▶ Task item:
Begin at the line holding "Falda línea A" and set down exactly each line through the last one below, omitting pictures. Include nothing else.

▶ Supplied material:
* * * * * * * * *
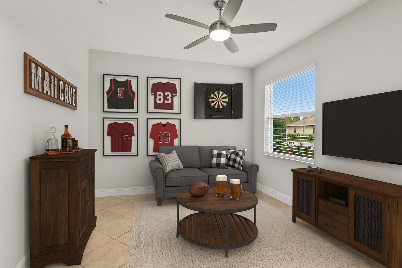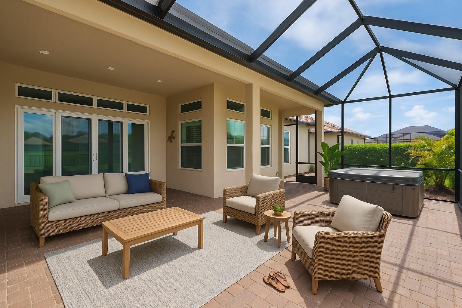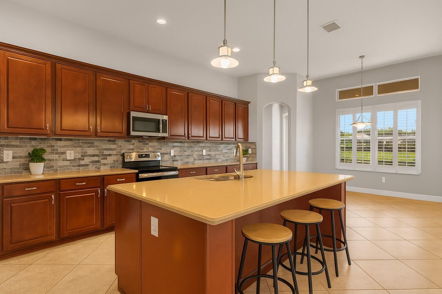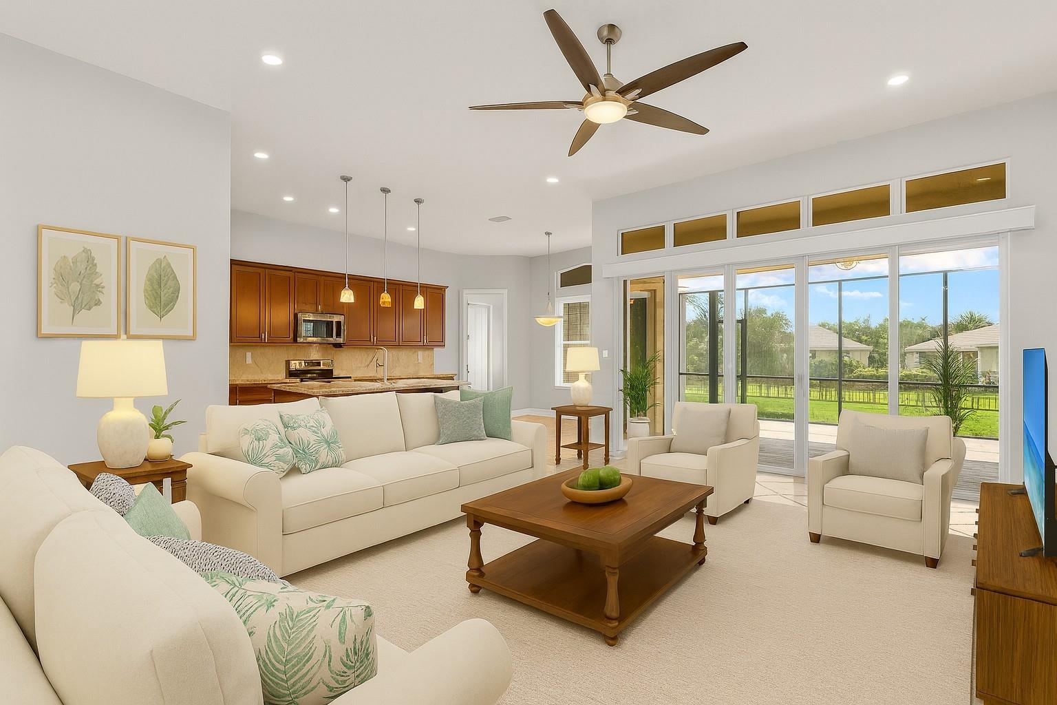 GHO Tacoma stunner model! 4 beds, 3 baths home (the 4th could be used as a home office or man cave) with a 2 car garage on the lake AND cul-de-sac! Tile floors throughout, fenced back yard, kitchen w/island seating, quartz counter tops, wood cabinets, addition on patio 12 foot with a screen, jacuzzi, hurricane windows w/ a bonus doggie door, this house has all the bells and whistles to suit your fancy! The open layout & expansive living area makes it fabulous for entertaining. Peaceful, quiet neighborhood, located in the heart of Vero, VACANT and so easy to show come schedule an appt today. **This listing has been virtually staged
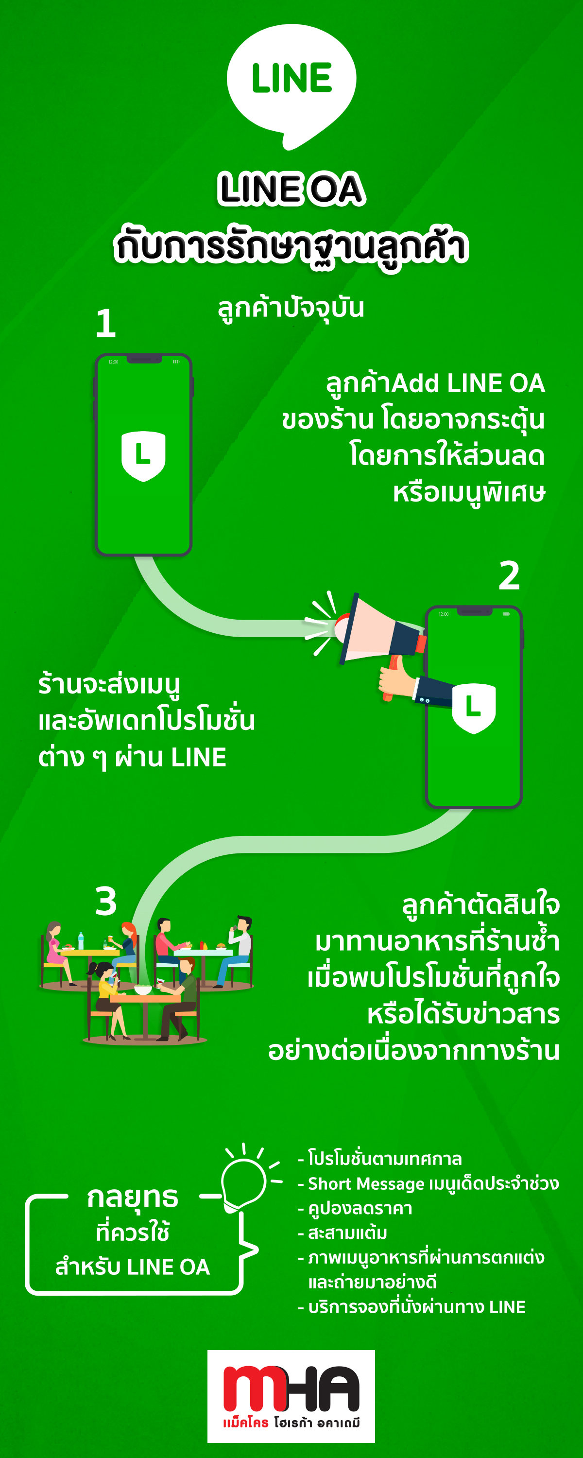 จริงอยู่ แม้ว่าลูกค้าจะสามารถ Add LINE ของร้านอาหารได้ก่อนที่จะไปใช้บริการ แต่ก็มีเพียงส่วนน้อยเท่านั้นที่จะทำเช่นนั้น เว้นแต่จะเป็นร้านที่มีบริการ Delivery ซึ่งลูกค้ามักจะสั่งผ่านไลน์หรือ Application อื่นมากกว่า ดังนั้น LINE OA จึงได้ผลมากในกรณีที่ลูกค้าเคยมาใช้บริการที่ร้านแล้ว และเห็นโปรโมชั่นที่ถูกใจเพื่อแลกกับการ Add LINE OA ของทางร้าน จากนั้นทางร้านจะสามารถติดต่อ กระจายข่าวสาร โปรโมชั่นต่างๆ ผ่านทาง LINE OA ได้ ซึ่งจะช่วยกระตุ้นให้เกิดการซื้อซ้ำหรือใช้บริการซ้ำ (Loyalty) ได้เป็นอย่างดี รวมถึงรักษาความสัมพันธ์ที่ดีกับลูกค้า ตาม Infographic นี้
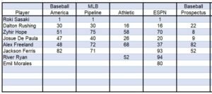 Below is the site where all of the prospect lists can be found. Some may be behind a paywall (probably Athletic). I apologize if some of you cannot access the publications list. If you have any questions, I will try to answer.
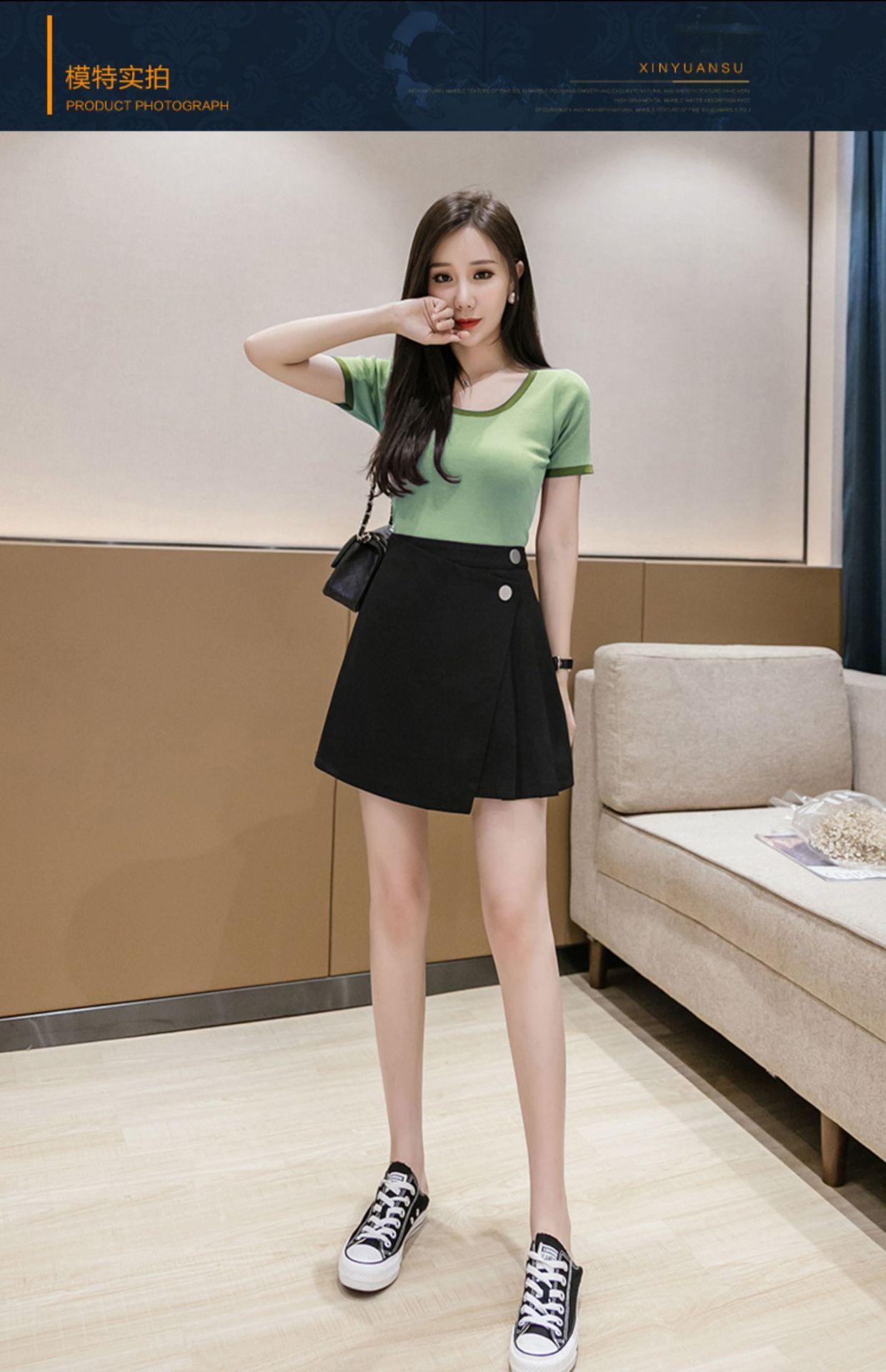 Falda línea A para hermana gordita Irregular Cubre vientre Cintura alta Talla grande Estilo coreano Falda adelgazante Ins Super Hot Pantalones cortos para mujer
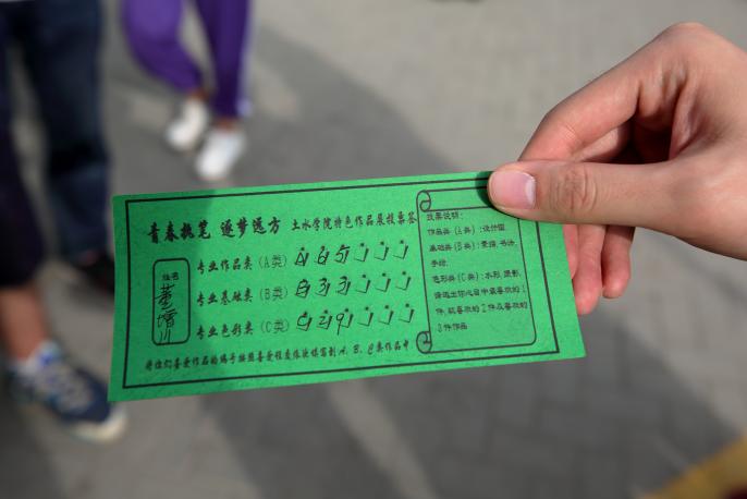 董教授认真仔细地对专业作品区(A类)、专业基础区(B类)和专业色彩区(C类)的每一幅作品进行了评审,并不时向学生询问作品的设计思路等内容。参观结束后,董教授在选票上选出了自己心目中的优秀作品,与前来参观的同学进行了亲切交谈,与大家分享参观的感受,并对AG亚游官网
* * * * * * * * *
▶ Task result:
 Falda línea A para hermana gordita Irregular Cubre vientre Cintura alta Talla grande Estilo coreano Falda adelgazante Ins Super Hot Pantalones cortos para mujer
 董教授认真仔细地对专业作品区(A类)、专业基础区(B类)和专业色彩区(C类)的每一幅作品进行了评审,并不时向学生询问作品的设计思路等内容。参观结束后,董教授在选票上选出了自己心目中的优秀作品,与前来参观的同学进行了亲切交谈,与大家分享参观的感受,并对AG亚游官网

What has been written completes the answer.